简体繁体 English

了解spark.yarn.executor.memoryOverhead

[英]Understanding spark.yarn.executor.memoryOverhead

原文 2018-07-09 00:58:06 0 1 apache-spark

When I am running a spark application on yarn, with driver and executor memory settings as --driver-memory 4G --executor-memory 2G 当我在yarn上运行spark应用程序时，驱动程序和执行程序的内存设置为--driver-memory 4G --executor-memory 2G

Then when I run the application, an exceptions throws complaining that Container killed by YARN for exceeding memory limits. 2.5 GB of 2.5 GB physical memory used. Consider boosting spark.yarn.executor.memoryOverhead. 然后，当我运行该应用程序时，抛出异常，抱怨说Container killed by YARN for exceeding memory limits. 2.5 GB of 2.5 GB physical memory used. Consider boosting spark.yarn.executor.memoryOverhead. Container killed by YARN for exceeding memory limits. 2.5 GB of 2.5 GB physical memory used. Consider boosting spark.yarn.executor.memoryOverhead.

What does this 2.5 GB mean here? 这2.5 GB在这里意味着什么？ (overhead memory, executor memory or overhead+executor memory?)I ask so because when I change the the memory settings as: （开销内存，执行程序内存还是开销+执行程序内存？）之所以这么问是因为当我将内存设置更改为：

--driver-memory 4G --executor-memory 4G --conf --driver-memory 4G --conf spark.yarn.executor.memoryOverhead=2048 ,then the exception disappears. --driver-memory 4G --executor-memory 4G --conf --driver-memory 4G --conf spark.yarn.executor.memoryOverhead=2048 ，然后异常消失。

I would ask, although I have boosted the overhead memory to 2G, it is still under 2.5G, why does it work now? 我会问，尽管我将开销内存提高到了2G，但仍低于2.5G，为什么现在可以使用？

1 个解决方案

Let us understand how memory is divided among various regions in spark. 让我们了解一下如何在Spark中将内存划分为各个区域。

Executor MemoryOverhead : 执行程序MemoryOverhead：

spark.yarn.executor.memoryOverhead = max(384 MB, .07 * spark.executor.memory) . spark.yarn.executor.memoryOverhead = max(384 MB, .07 * spark.executor.memory) 。 In your first case, memoryOverhead = max(384 MB, 0.07 * 2 GB) = max(384 MB, 143.36 MB) Hence, memoryOverhead = 384 MB is reserved in each executer assuming you have assigned single core per executer. 在您的第一种情况下， memoryOverhead = max(384 MB, 0.07 * 2 GB) = max(384 MB, 143.36 MB)因此，假设您为每个执行者分配了一个单核，则在每个执行者中都保留memoryOverhead = 384 MB 。

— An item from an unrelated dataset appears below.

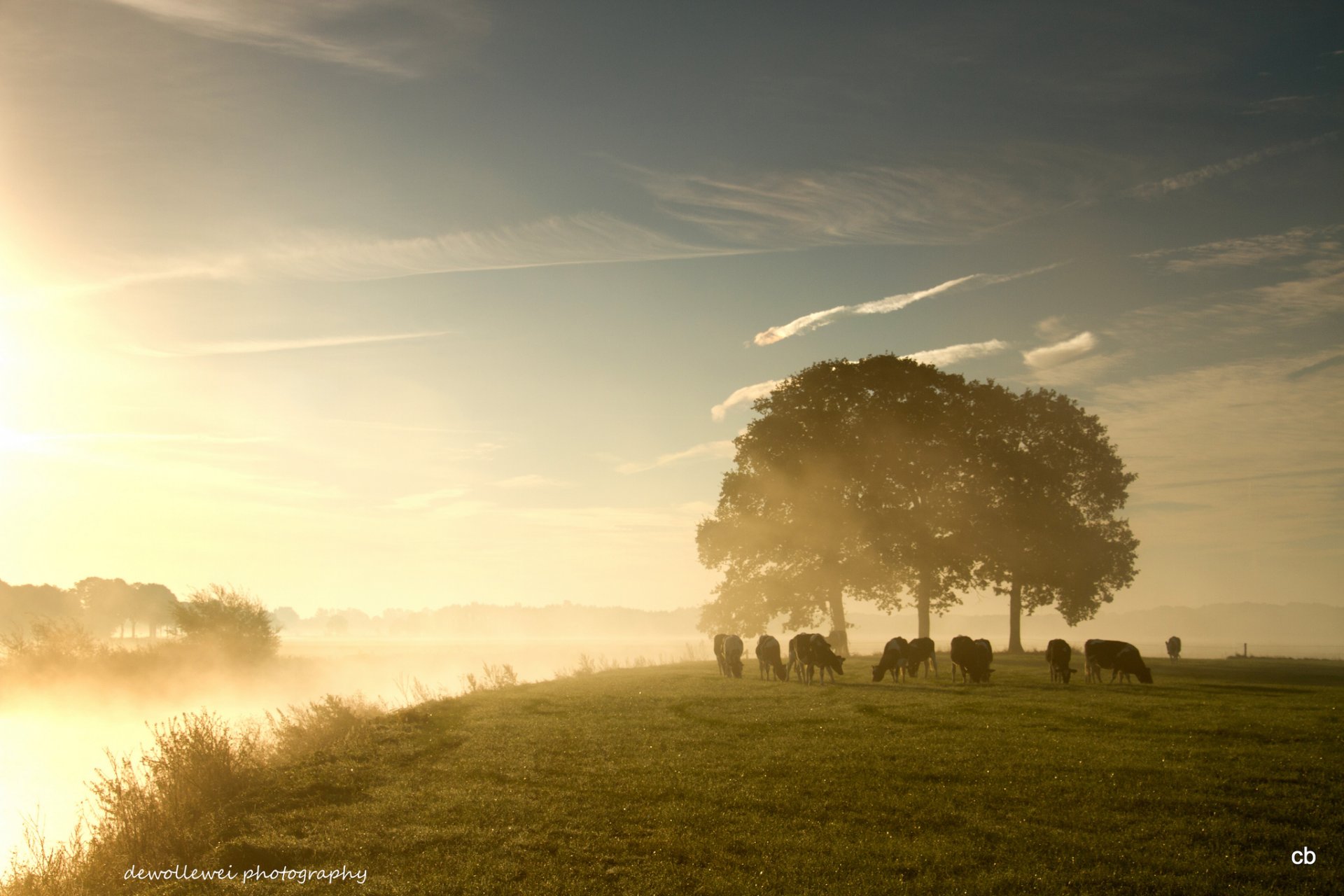 Eine Insel mit einer Weide inmitten eines großen Sees

Execution and Storage Memory : 执行和存储内存：

By default spark.memory.fraction = 0.6 , which implies that execution and storage as a unified region occupy 60% of the remaining memory ie 998 MB . 默认情况下， spark.memory.fraction = 0.6 ，这意味着作为统一区域执行和存储占剩余内存的60％，即998 MB 。 There is no strict boundary that is allocated to each region unless you enable spark.memory.useLegacyMode . 除非您启用spark.memory.useLegacyMode否则不会为每个区域分配严格的边界。 Otherwise they share a moving boundary. 否则，它们共享移动边界。

User Memory : 用户内存：

Memory pool that remains after the allocation of Execution and Storage Memory, and it is completely up to you to use it in a way you like. 分配执行和存储内存后仍保留的内存池，完全取决于您以自己喜欢的方式使用它。 You can store your own data structures there that would be used in RDD transformations. 您可以在那里存储自己的数据结构，以用于RDD转换。 For example, you can rewrite Spark aggregation by using mapPartitions transformation maintaining hash table for this aggregation to run. 例如，您可以通过使用mapPartitions转换来维护此哈希表的哈希表来重写Spark聚合。 This comprises the rest of 40% memory left after MemoryOverhead. 这包括MemoryOverhead之后剩余的40％内存。 In your case it is ~660 MB . 您的情况是~660 MB 。

If any of the above allocations are not met by your job, then it is highly likely to end up in OOM problems. 如果您的工作没有满足上述任何分配条件，那么很有可能最终导致OOM问题。